# [EXERCISE]
Within the listing that follows, reproduce exactly the lines starting at the line with "the tweet said." and ending at the line with "Kids Lightweight Backpack", inclusive, and only those. Pictures are dropped.

# [DATA FOR THIS TASK]
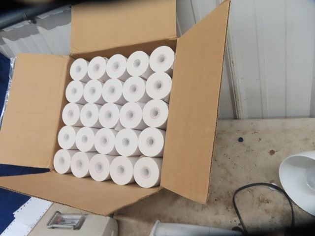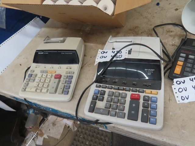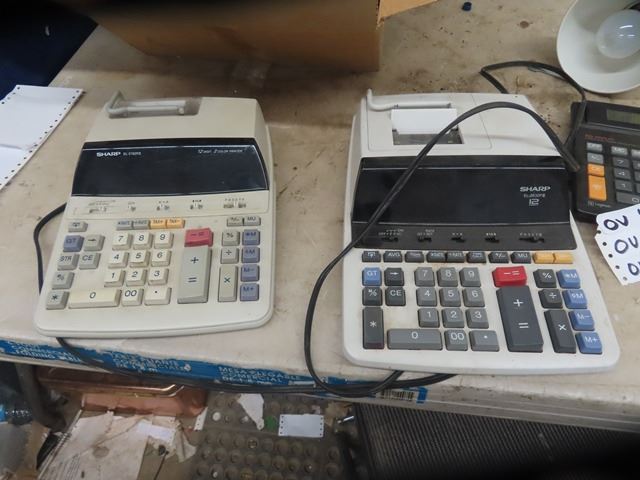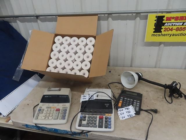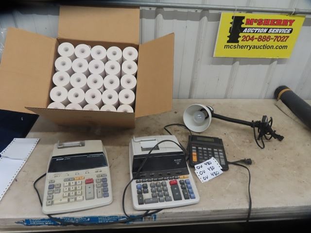 2 Adding Machines & Box of Calculator Paper Light w/ Clamp
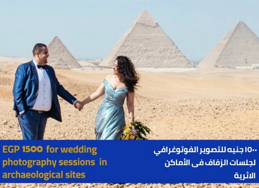 “The Ministry of Tourism and Antiquities has set the price of photography for wedding parties in all archaeological locations around Egypt, after agreeing this with specialist authorities, to 1,500 Egyptian pounds per hour,” the tweet said.
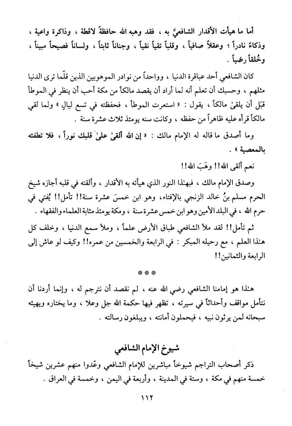 وما أصدق ما قاله له الإمام مالك: "إن الله ألقى على قلبك نوراً، فلا تطفئه بالمعصية".
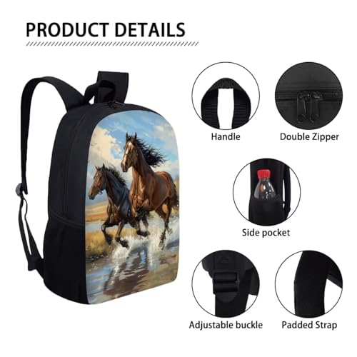 Kids Lightweight Backpack Girls Boys Horse Print School Bag with Lunch Box Pencil Case Water Bottle Sleeve 4 in 1 Book Bag Teen Animal Schoolbag Set Insulated Lunc Tote Camping Sling Bag 3
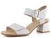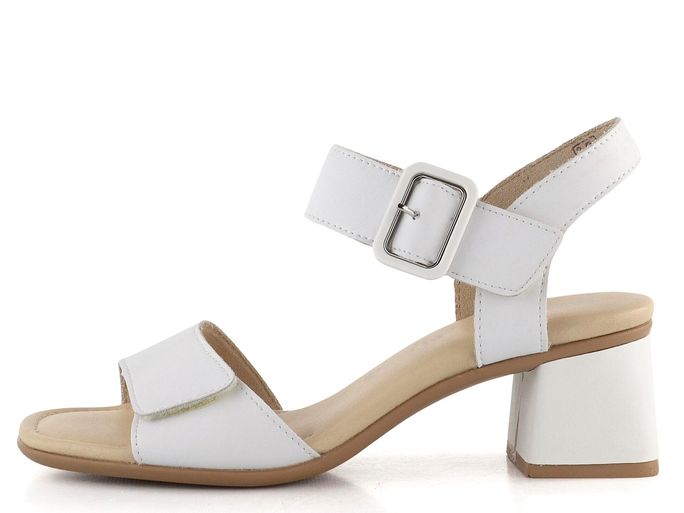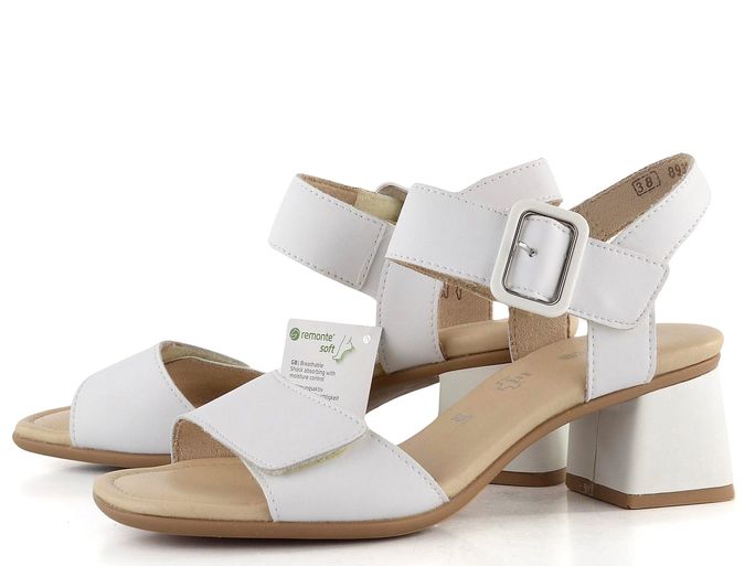 Elegance a pohodlí pro letní dny – to jsou bílé sandály značky Remonte by Rieker. Tyto sandály s hranatější špičkou a svrškem z hladké povrstvené kůže jsou ideální volbou pro každou ženu, která hledá styl a komfort. Díky odepínatelným kovovým přívěškům s logem ELLE a značky Remonte ve stříbrné barvě získávají sandály na jedinečnosti. Přední i kotníkový pásek se zapíná na suchý zip, což zajišťuje snadné obouvání a přizpůsobení. Podšívka z broušené textilie a měkká stélka potažená hladkou kůží poskytují maximální pohodlí při každém kroku. Široký potažený podpatek o výšce 5,5 cm je optimální pro celodenní nošení. Pevnější syntetická podešev s jemným vzorkem zaručuje stabilitu a bezpečnost. Tyto sandály jsou dokonalou volbou pro městské procházky, kancelář i formální příležitosti.

# [ANSWER]
 “The Ministry of Tourism and Antiquities has set the price of photography for wedding parties in all archaeological locations around Egypt, after agreeing this with specialist authorities, to 1,500 Egyptian pounds per hour,” the tweet said.
 وما أصدق ما قاله له الإمام مالك: "إن الله ألقى على قلبك نوراً، فلا تطفئه بالمعصية".
 Kids Lightweight Backpack Girls Boys Horse Print School Bag with Lunch Box Pencil Case Water Bottle Sleeve 4 in 1 Book Bag Teen Animal Schoolbag Set Insulated Lunc Tote Camping Sling Bag 3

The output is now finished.